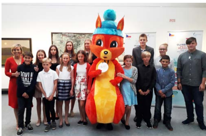
Veverka Čiperka Úspěšní sportovci si zapožovali také s maskotem příští Olympiády dětí a mládeže, která se bude konat v Karlovarském kraji.
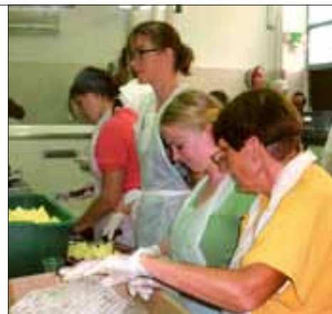
... in der Suppenküche

in der Wüste, waren sehr erfrischend und mir wurde vieles bewusst, was mir auch bei meiner weiteren Lebensplanung helfen wird.
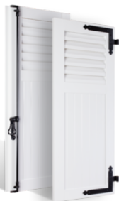
VOLETS BATTANTS 36mm à LAMES à LA FRANÇAISE AU TIERS en PVC EN SAVOIR PLUS
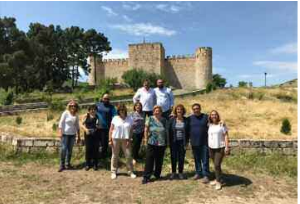
Մարտարապատի խումբը՝ Արցախի Տիգրանակերտի բերդին առջեւ Մայիս 2018

Instagram-ի վրայ բացուած է artsakh.travel-ի էջ, որ արդէն ունի 863 հետեւորդ: Աւելցած է նաեւ karabakh.travel-ի դիմատետրի էջի հետեւորդներուն թիւը՝ հասնելով 10661-ի:
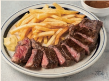
アンガスビーフ ステーキランチ
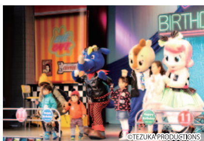
ゆうえんちモトピア内モビステージでは、11月にお誕生日を迎えたお友達をお祝いするイベント「コチラからみんなへ、ハッピーハッピーバースデー」が開催されました。
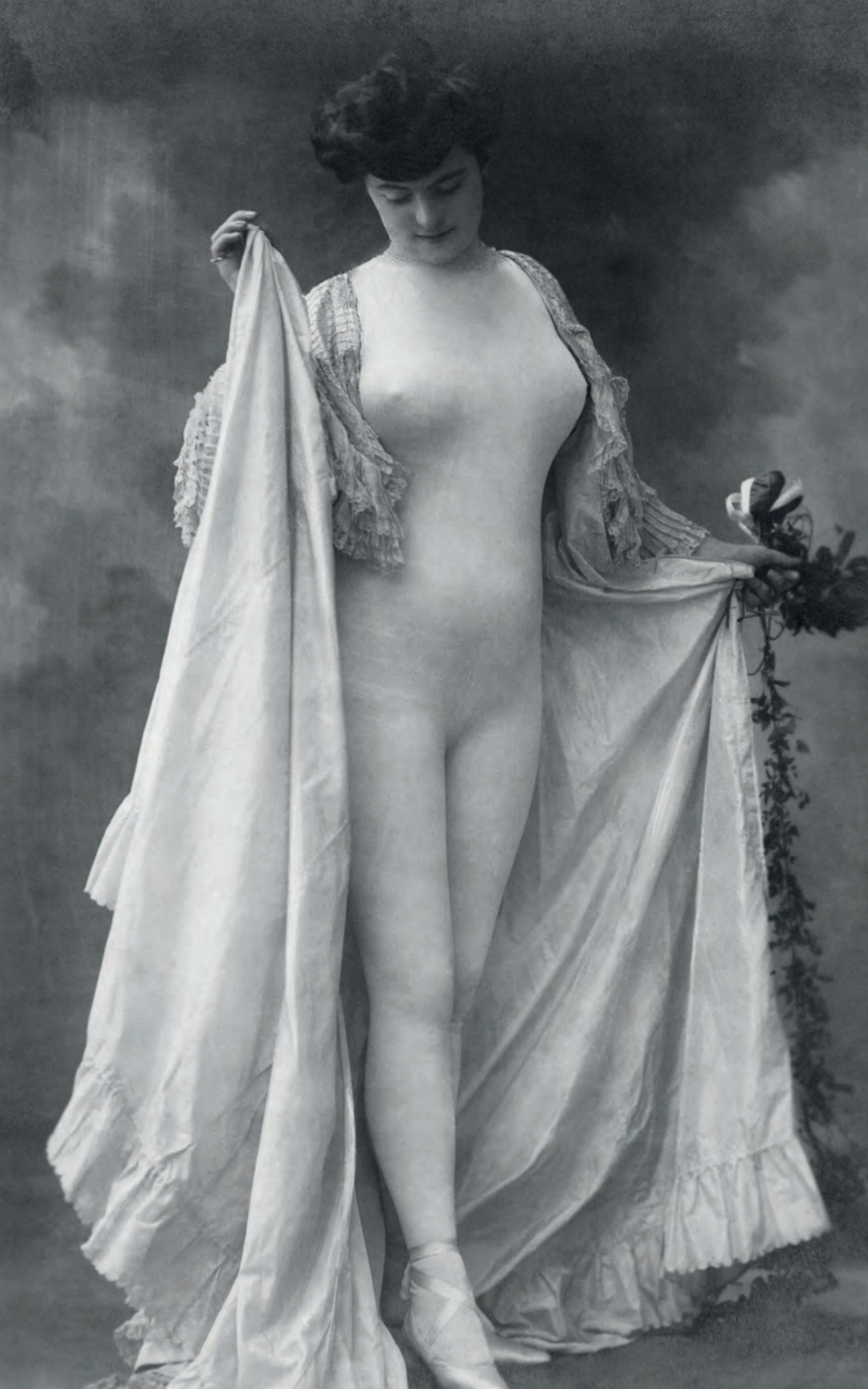
| Mujer disfrazada de desnudo Anónima. Berlín, Alemania. 1910
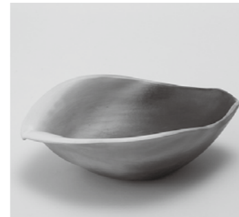
▲吉田喜彦《黒陶蓮弁》

吉田氏の代表作70点に加え、彼が長年にわたって収集してきた民族美術などを含むコレクション約100点を併せて展示し、その創作のル
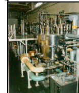
材料科学でリードする (東北大学 金属材料研究所)
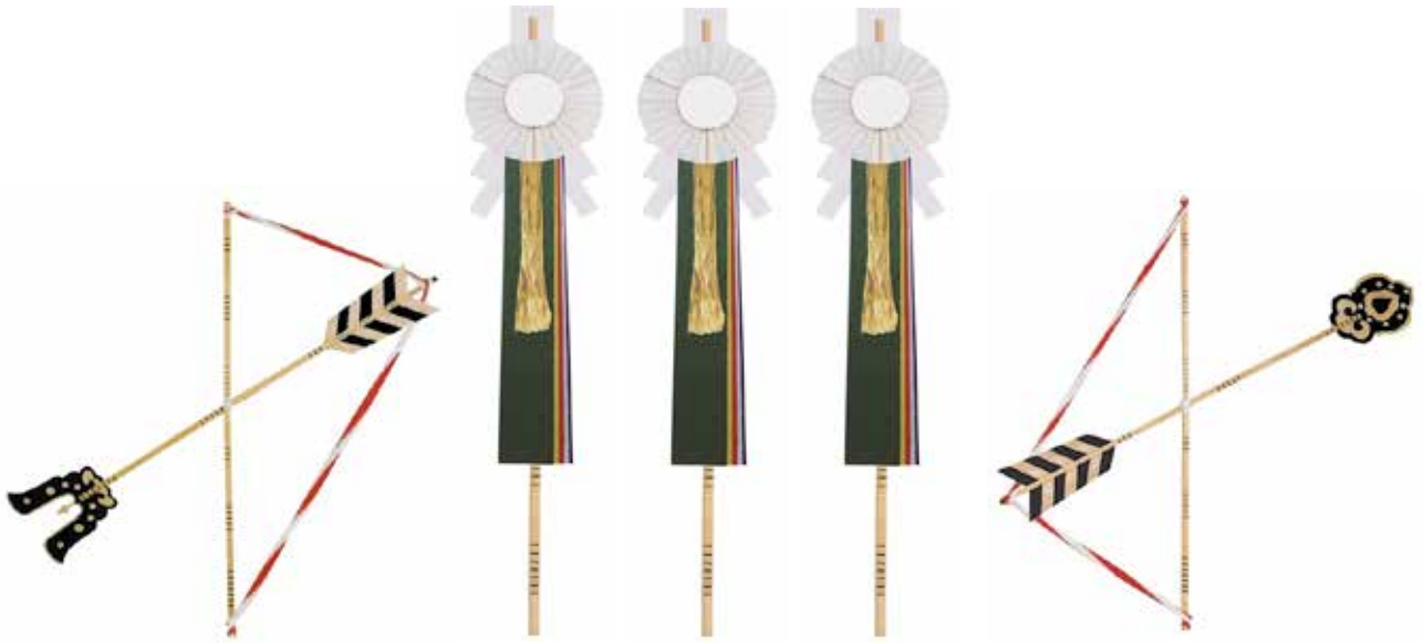
天の矢6尺×1寸角、地の矢6尺×1寸角、御幣10尺×1寸5分角3本(五色・扇・神鏡付)
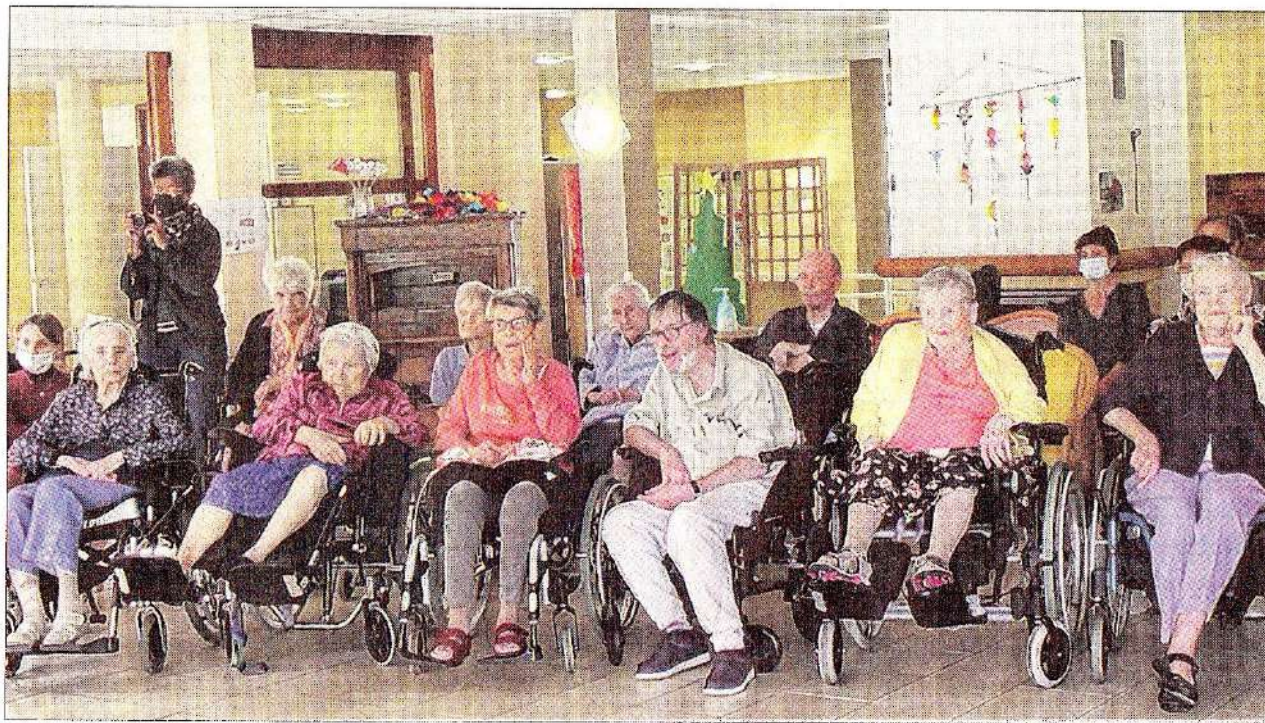
Les résidents de la Maison Cauzid étaient enchantés de ce spectacle.

Après la prestation, les questions ont fusé sur l'origine des instruments et sur l'inspiration de la danse. C'est dans la joie du partage d'un goûter que s'est terminé cet après-midi récréatif. Le 2 octobre se tiendra la grande fête annuelle de l'amitié tant attendue par tous car annulée pour crise Covid pendant deux ans d'affilée.
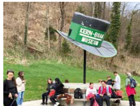
Firmgruppe der Pfarre beim Frühjahrsputz
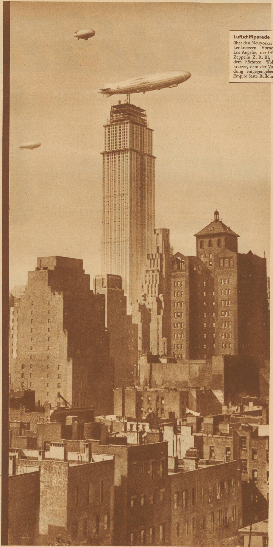
Luftschiffparade über den Neuyorker Wolkenkratzen. Vorne die Los Angeles, der frühere Zeppelin Z. R. III, über dem höchsten Wolkenkratzer, dem der Vollendung entgegengehenden Empire State Building
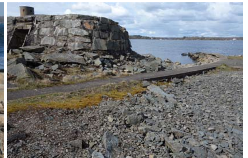
Aspan ligger litet för sig själv intill Ronnebyfjärden. Här finns även Aspans kursgård. Barnens vandringsslinga på Aspan har gjorts, för att bli förklara och väcka intresse för befästningarna från första världskriget och stenbrytningen..
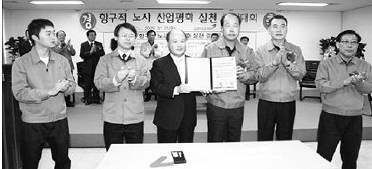
금호석유화학 노사 '산업평화 선언' 금호석유화학 가족 시장과 노조대표들이 21일 여수 고무공장에서 '항구적 노사 산업평화 실천 결의대회'를 갖고 2009년 임금을 동결하기로 선언하고 있다.

정무원 SK텔레콤 사장은 21일 KT-KTF 합병 계획에 대해 "덤집 부풀리기를 통한 거대 독점적인 사업자가 되겠다는 것"이라며 "위험한 발상"이라고 말했다.
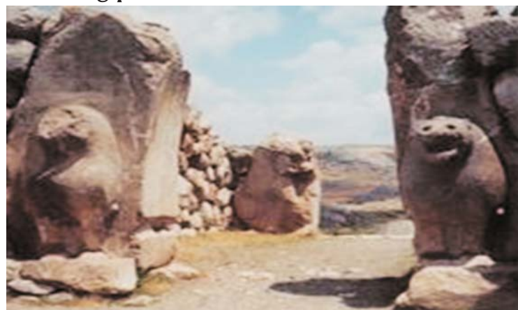
Ruinas de Hattusa en Bogazkoy

kaska fueron incorporados al imperio, que incluía, buena parte de Chipre y diversos territorios en Siria, donde el reino hitita limitaba al este con Asiria y al sur con Egipto.
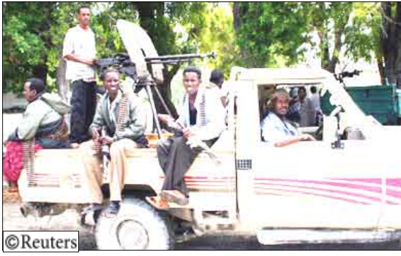
بعض المتشددين الصوماليين

وأضاف "لا يمكننا أن نقول إن هذا خطر واضح يحدق بإثيوبيا". وأوضح بركات "إذا هوجمنا فسندافع عن أنفسنا. لكن ليس لدينا خطط في الوقت الراهن لإرسال قوات إلى هناك من جديد. ليس لديهم القدرة على تهديدنا الآن". وكان الرئيس أحمد وهو معتدل قد فر إلى المنفى بعد تدخل القوات الإثيوبية لكنه انضم إلى عملية السلام في العام الماضي وانتخب في يناير. وتقاتل حكومته المتمردون المتشددين الذين كانوا يوما خلفاء في الحركة المتشددة. وأشارت أديس أبابا إلى أنها تؤيد الحكومة الجديدة لكنها تشجع بالوقت بشأن المتشددين الذين ينظر إليهم على أنهم وكلاء لتنظيم القاعدة لأنهم يسيطرون على مساحات كبيرة من الصومال وهددوا بزعة الاستقرار في كينيا وإثيوبيا.

##############################

• _Exercise instructions_: Nothing but the lines from the one containing "アンガスビーフ ステーキランチ" through the one containing "Les résidents de" should appear, copied exactly from the material above and without pictures.

• _Answer for the task_:
アンガスビーフ ステーキランチ
ゆうえんちモトピア内モビステージでは、11月にお誕生日を迎えたお友達をお祝いするイベント「コチラからみんなへ、ハッピーハッピーバースデー」が開催されました。
| Mujer disfrazada de desnudo Anónima. Berlín, Alemania. 1910
▲吉田喜彦《黒陶蓮弁》

吉田氏の代表作70点に加え、彼が長年にわたって収集してきた民族美術などを含むコレクション約100点を併せて展示し、その創作のル
材料科学でリードする (東北大学 金属材料研究所)
天の矢6尺×1寸角、地の矢6尺×1寸角、御幣10尺×1寸5分角3本(五色・扇・神鏡付)
Les résidents de la Maison Cauzid étaient enchantés de ce spectacle.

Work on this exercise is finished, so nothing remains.